背後からレイフの頬をつかんで唇を塞ぎ舌をねじ込む。レイフは少し無理やりにやられるのが好きなのだ。

「レイフ? キスだけで感じてるんです?」

「そんなこと───」

「愛してます、レイフ」

 ソファの上にレイフをうつ伏せに寝かせてその手首を束ねた。そうすれば体格差で封じられることもない。たまに感じ過ぎた勢いでレイフは暴れるからウィルもそれに対抗する術を覚えた。

 うつ伏せのレイフのシャツをめくり、指先で愛撫を繰り返す。レイフが次第に敏感になっていくのがわかってウィルは悦に浸った。自分で感じてくれるのが嬉しい、この感覚はどんな女と肌を重ねても感じることのなかった感覚だと思う。丁寧に服を脱がせながらキスを繰り返して、レイフが一糸纏わぬ姿になった。

「やめろ、恥ずかしい……」

「どうして? こんなに綺麗なのに……もっと俺に見せてください」

 そういって胸板に舌を這わせるとレイフが小さく呻いた。優しく、時折歯で甘噛みしてレイフの敏感な部分を攻めると、レイフの下半身がいきり立った。

「もうこんなになってます……、はやく解放してあげたいけど…」

 レイフは知っている。ウィルが言葉を区切るときはいつも焦らしのサインだ。硬直した下腹部のそれが、ウィルに触れられるのを待っているをそしてウィルが、悪巧みを思いついた子どものようにある種の無邪気さで微笑んだ。
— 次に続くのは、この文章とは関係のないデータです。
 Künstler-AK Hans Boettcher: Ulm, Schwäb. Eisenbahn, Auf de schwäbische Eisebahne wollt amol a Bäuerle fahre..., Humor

そして、ウィルの手がレイフのそれを包む。

「あとどれくらい我慢できます? 出来ませんか?」

「出来る……!」

「じゃあ、我慢してもらいますね」

 手が上下運動を繰り返し、レイフの絶頂の手前ですっと離れた。レイフから余裕が奪われていく。

「ウィル……おかしくなりそうだ……」

 その後も何度となく、絶頂を迎えそうになると手を離されるなどして焦らされ、いよいよウィルに懇願する。もう恥じらう余裕すらもない。

「それは、挿れて欲しいってことですか?」

「……ああ」

「よく出来ました」

 素直に頷いたのをみて、ウィルが満足げに笑った。そしてとびきり優しいキスをくれる。
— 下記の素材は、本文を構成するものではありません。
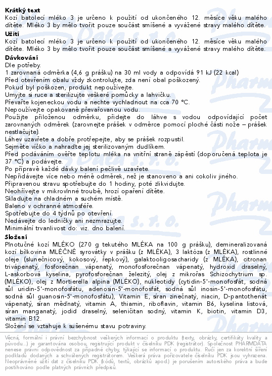 Kozí batolecí mléko 3 je určeno k použití od ukončeného 12. měsíce věku malého dítěte. Mléko 3 by mělo tvořit pouze součást smíšené a vyvážené stravy malého dítěte.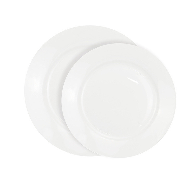 Ζεστή πώληση καθαρό λευκό ξενοδοχείο δυτικό φαγητό επίπεδη πιάτο φεγγαρόφωτο πιάτο κεραμική πλάκα

「レイフ、辛かったでしょう。すいません、いじめ過ぎた。あなたがそんなに俺を煽るから」

そういって手首を解放し、正面から抱きしめてくれる。そしてそっと、ウィルのそれを挿れた。

「あ、……ウィル……」

「動きますよ」

「ああ……」

ウィルがゆっくりと腰を動かす。次第にその動きが激しさを増してきた。

「……あ、……あぁ……」

「レイフ、……いきそうですか?」

「あ ……」

「一緒にいきましょう、レイフ」

 激しく二三度突かれた衝撃で目の前が白くなった。そして、レイフのそれからも、白濁液が漏れる。

「あなたとのセックスはとびきり幸せだ。こんなに幸せでいいのかなって思ってしまいます」

「俺もだ……幸せすぎて苦しいよ」

 レイフがそうこぼすと、ウィルがそのレイフの頬を両手で掴んで額をくっつけた。限りなく優しい瞳を向けられて、レイフの胸がまたきつく締め付けられる。
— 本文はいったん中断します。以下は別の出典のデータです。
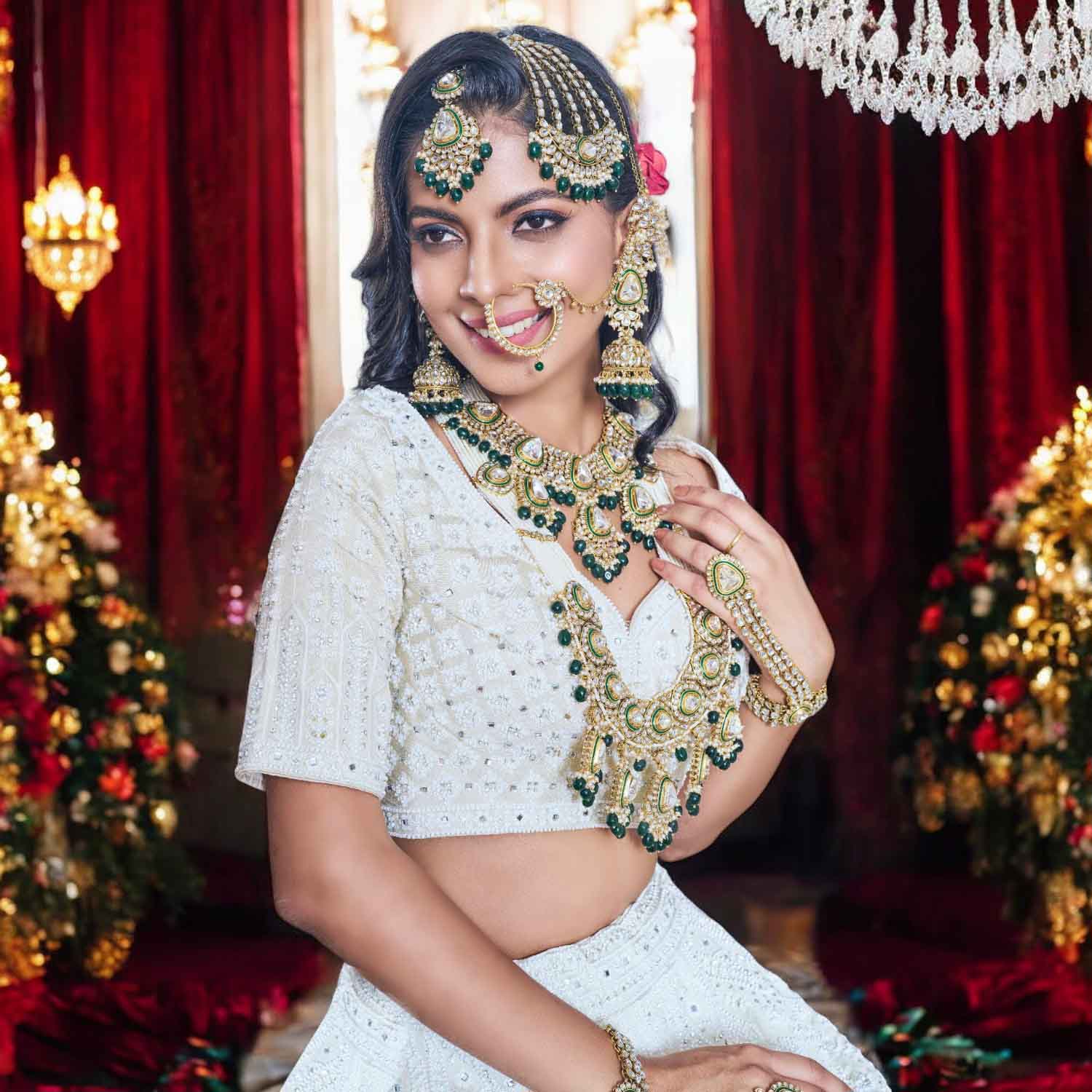 - Unit: Two Necklaces, One Pair Of Earrings, One Maang Tikka, One Matha Patti, Pair of Hathphool and a Nath.

「俺はあなたが思っているよりずっとあなたにぞっこんです。女性のいる職場だから心配?そんなの心配するくらいなら、下半身と体力のこと心配して下さい?俺はまだいけます、むしろまだ足りない」

 そういって笑いながら向けられた瞳は優しいものではなく、獣のように鋭い。すぐに笑みもなくなって、噛み付くようなキスがくる。

「まだ夜は長いので、たっぷり付き合ってもらいますよ」

 ウィルの笑みに込められた欲は、かけがえなくそして純粋そのもの。それを全身で受け止めようとレイフは覚悟した。